#### Input data
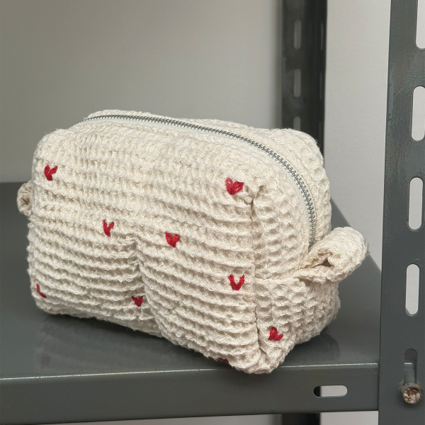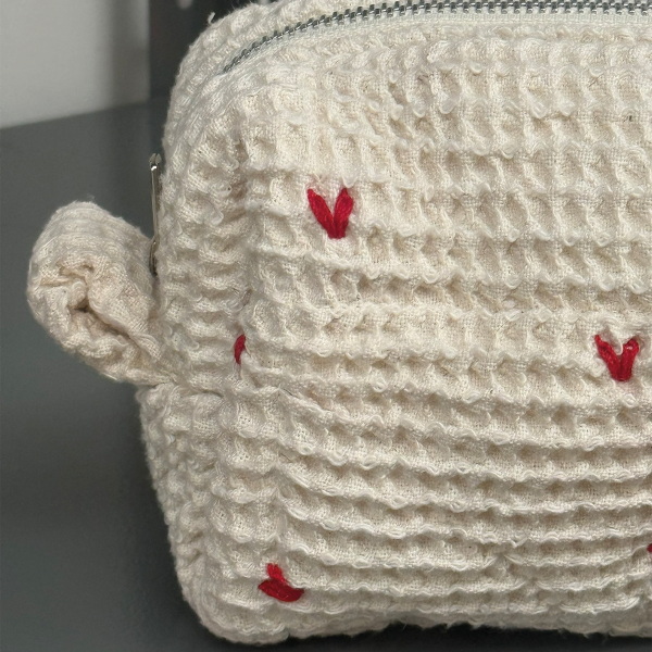 Neceser confeccionado en waffle marroquí 100% algodón, bordado a mano en series limitadas.
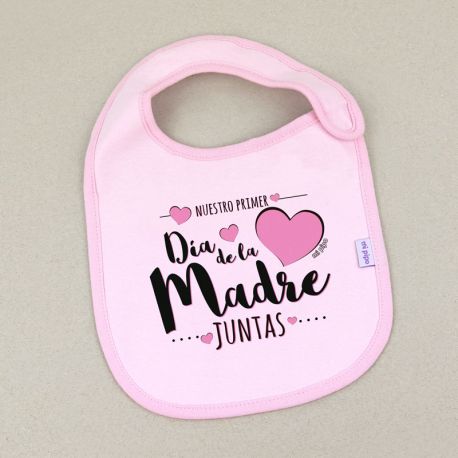Babero Divertido Nuestro primer día de la Madre JUNTAS Corazones Rosa
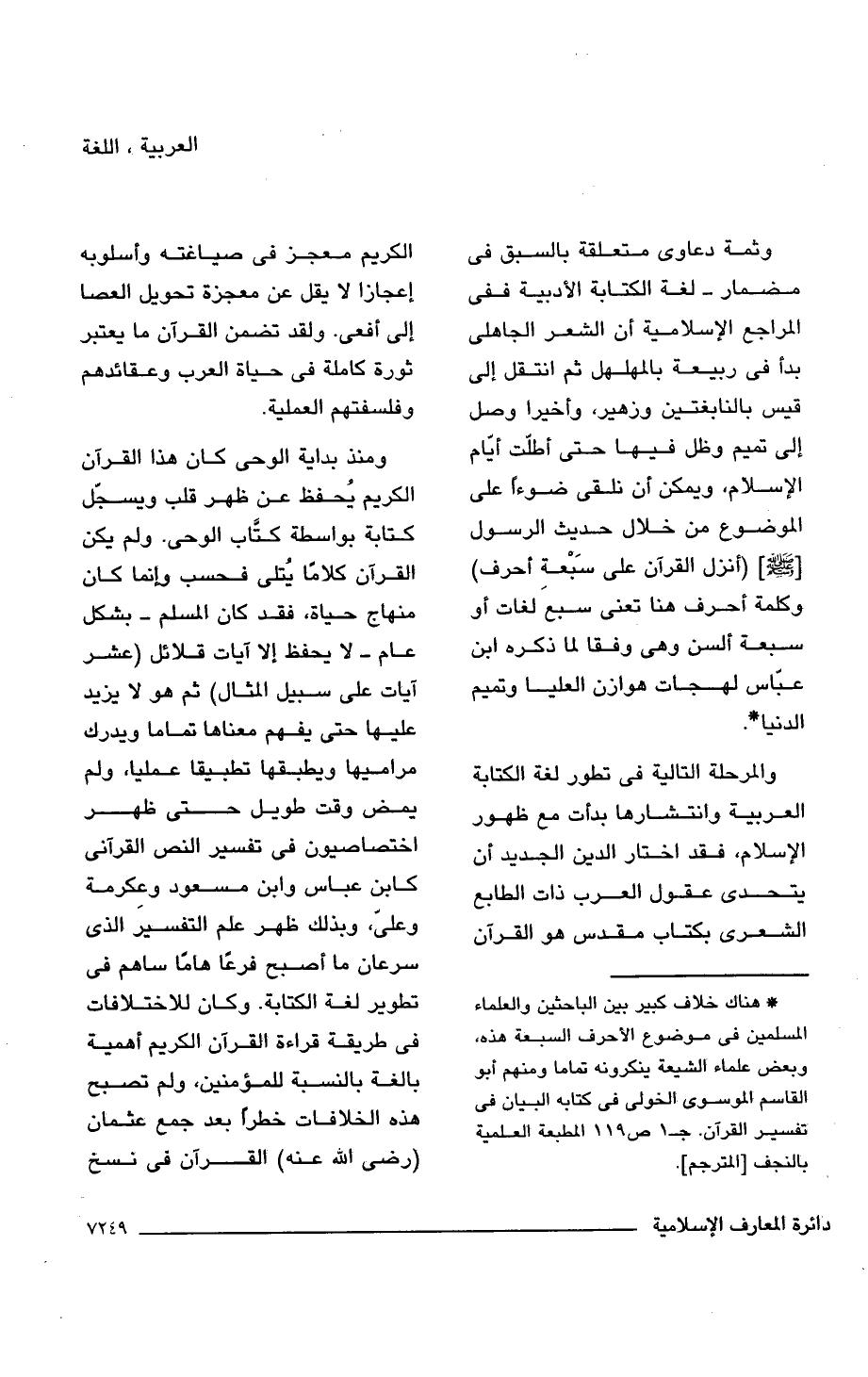 * هناك خلاف كبير بين الباحثين والعلماء المسلمين فى موضوع الأحرف السبعة هذه، وبعض علماء الشيعة ينكرونه تماما ومنهم أبو القاسم الموسوى الخولى فى كتابه البيان فى تفسير القرآن. جـ 1 ص 119 المطبعة العلمية بالنجف [المترجم].

#### Goal of the exercise
When you retype the listing above, keep each line exactly as written and drop the pictures.

#### Response for this exercise
 Neceser confeccionado en waffle marroquí 100% algodón, bordado a mano en series limitadas.
Babero Divertido Nuestro primer día de la Madre JUNTAS Corazones Rosa
 * هناك خلاف كبير بين الباحثين والعلماء المسلمين فى موضوع الأحرف السبعة هذه، وبعض علماء الشيعة ينكرونه تماما ومنهم أبو القاسم الموسوى الخولى فى كتابه البيان فى تفسير القرآن. جـ 1 ص 119 المطبعة العلمية بالنجف [المترجم].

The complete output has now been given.